Huang will spend about an hour inspecting the top chambers of both hives. Each grows heavier as we get closer to the core hive, the lowest chamber where the queen is hard at work laying eggs, which Huang will not disrupt. With time, the bees retreat from the frames Huang pulled from the hive. The frames rest on two stacks, honey already dripping onto the roof. I poke my index finger into the honeycomb and come out with a dollop of honey. It is light, both in color and taste, with no discernible notes of flower or fruit. It’s early in the season and the darker hues and flavors will come in the fall.

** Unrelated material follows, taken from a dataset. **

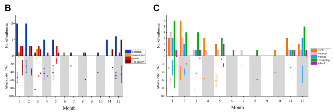 血液科/肿瘤中心暴发25起,数量最高,占比30.49%,其次为新生儿重症监护室(24.39%)、新生儿病房及护理机构(15.85%)、养老院(12.20%)、学校(7.32%)、军营(1.22%)及其他场所(包括空军新兵训练营、普通成人病房和普通儿科病房)(8.54%)。

After Huang has removed his protective clothing and put away his gear, he lets his Chihuahua, Nibbler, out onto the roof. The dog was recently stung and it’s a bit skittish at first, but within minutes he’s nipping and barking at the few bees who have not made their way back to the hive.
“I do have some emotional attachment” to the bees, Huang says, “and I worry a lot about them.”
I follow Huang back down the spiral staircase carrying the frames, placing them in a large plastic bin. Later, he’ll harvest about sixteen pounds of honey, spin it in a centrifuge, filter it, and jar it for friends. A bookshelf contains dozens of honey varietals; the neatly arranged jars seem removed from the controlled chaos of the bee colony teeming just one floor above us, aside from one bee that made its way into the apartment attached to a honey-laden frame.
Huang points to the skylight, where a bee is now resting, framed against a perfectly blue sky.
“She only has enough energy to fly around for about thirty minutes, maybe an hour if she has honey in her gut, then she runs dry,” Huang said. “Individually, they’re very dumb and also non-aggressive. It’s kind of sad.”
Huang’s rooftop hives were unscathed during Sandy, but his bees were felled by myriad other factors. “Mites + weather + beekeeper inexperience,” he reports in an e-mail, noting that new packages of bees were to arrive shortly. He takes the loss in stride. “Well,” Huang says, “it’s agriculture.”